Se il danno esistenziale si incentra e si identifica nella modificazione peggiorativa, conseguente all’altrui fatto illecito, delle condizioni esistenziali della vittima, non vi è possibilità, sul piano logico e giuridico, di escludere che il danneggiato, oltre alla ricorrenza del fatto illecito, debba provare la sussistenza oggettiva, perché esteriorizzatasi nel concreto ove i valori esistenziali si esplicano, della lamentata modificazione, per quanto transeunte, quale cagionata, direttamente o indirettamente, dal fatto illecito.
Se può ammettersi che il verificarsi di un insulto, più o meno grave, alla persona, propria o del congiunto, provochi normalmente uno status soggettivo di contrizione, nel senso più ampio e generale del termine, non può, invece, ammettersi, senza il supporto di una prova specifica, sia pure presuntiva, che tale insulto cagioni altresì, in base a quel criterio di adeguatezza causale accolto dal legislatore, la lesione di un valore umano giuridicamente protetto, attraverso la relativa contemplazione in una norma di legge o della Costituzione.

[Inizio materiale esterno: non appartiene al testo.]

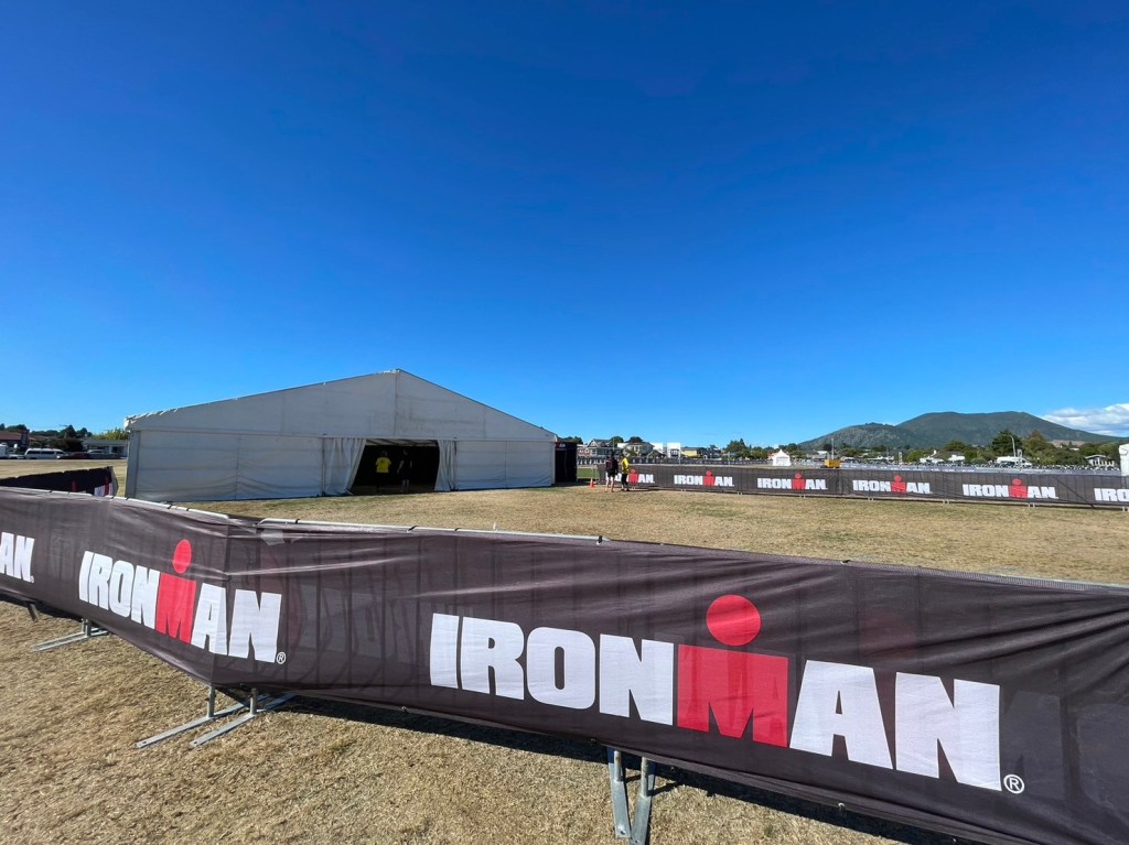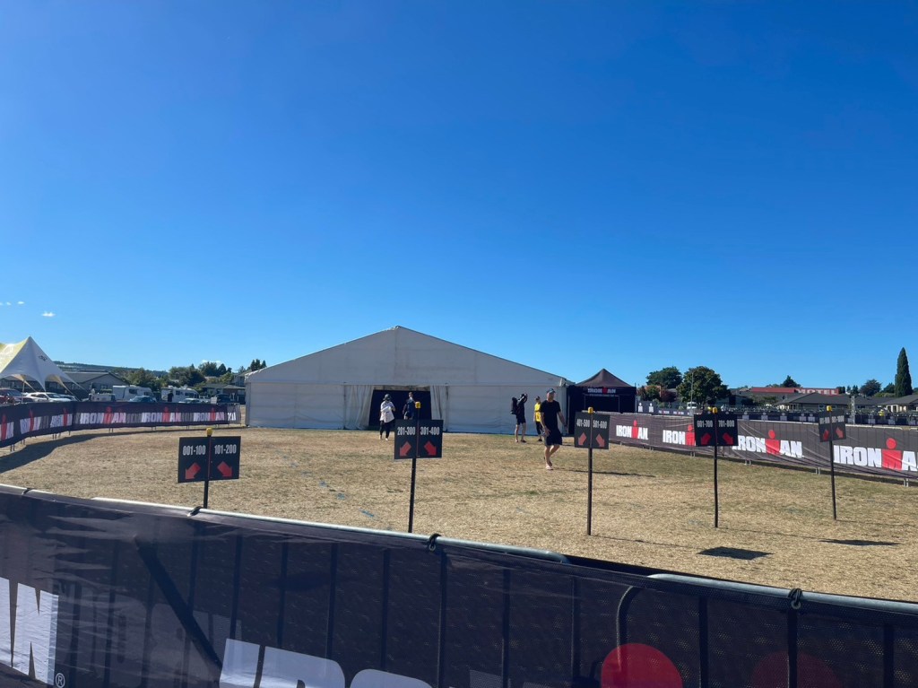 IMNZのフルディスタンスは午前8時がスタート時刻。70.3はその1時間前ですがそれでも7時。日本に置き換えますと、6時スタートの大会(佐渡A)もあり、正直とても大変です。選手もさることながら、応援の同行者も眠い目をこすりながら会場入りをします。ま、「ロングあるある」なのでやむを得ないのでしょうが、、、

Basta che la morte, che senza dubbio è l’insulto estremo alla persona, è una costante – perché ricorrente e certa – della realtà concreta cui l’individuo inerisce, per non dubitare che tale insulto estremo, mentre determina nei congiunti sempre e comunque una contrizione soggettiva, non altrettanto ricorrentemente cagiona una lesione, che si oggettiva nella realtà esteriore, dei valori esistenziali dell’individuo.
E, se è vero che il danno esistenziale, a pena della sua autonomia, non è sovrapponibile al danno morale, è altrettanto vero che il risarcimento dello stato soggettivo di costrizione non può essere attribuito, oltre che a titolo di danno morale, anche a titolo di danno esistenziale, ove non ricorra la prova positiva che tale stato soggettivo di contrizione, esteriorizzandosi nella realtà contingente, si sia oggettivizzato nella lesione di un valore esistenziale, giuridicamente tutelato.
Non può e non deve obliterarsi che, per definizione, “il risarcimento del danno da fatto illecito ha la funzione di porre il patrimonio” – inteso in senso più ampio di quello tradizionale, in quanto comprensivo di tutti gli attributi inerenti all’individuo – “del danneggiato nello stesso stato in cui si sarebbe trovato senza l’evento lesivo e, quindi, trova presupposto e limite nell’effettiva perdita subita da quel patrimonio, in conseguenza del fatto stesso” (Cass. 3 ottobre 1987, n° 7389).
E, se non si può assolutamente dubitare che il cammino, iniziato dai giudici genovesi intorno alla metà degli anni settanta, deve proseguire fino alla realizzazione del diritto al risarcimento integrale del danno alla persona, deve, però, evitarsi che, nel doveroso tentativo di realizzare concretamente un’effettiva
“restitutio in integrum”, venga alterata quella correlazione essenziale tra pregiudizio sofferto ed adeguatezza del risarcimento, con l’attribuzione di un pregiudizio insussistente o, ancora peggio, con la duplicazione del risarcimento per l’unico identico danno.
E’ appena il caso di evidenziare che la giuridica esigenza di assoluta rispondenza tra pregiudizio, effettivamente sofferto, e risarcimento, concretamente attribuito, assume rilevanza sociale in materia di circolazione stradale - materia che, con l’entrata in vigore della legge n° 990 del 1969 sull’assicurazione obbligatoria, è
divenuta uno dei terreni più fertili per l’iter evolutivo dell’istituto del risarcimento del danno da fatto illecito - in quanto, attraverso il meccanismo dell’adeguamento del premio assicurativo, il risarcimento, erogato dalla società assicuratrici, viene a riversarsi sulla collettività degli assicurati.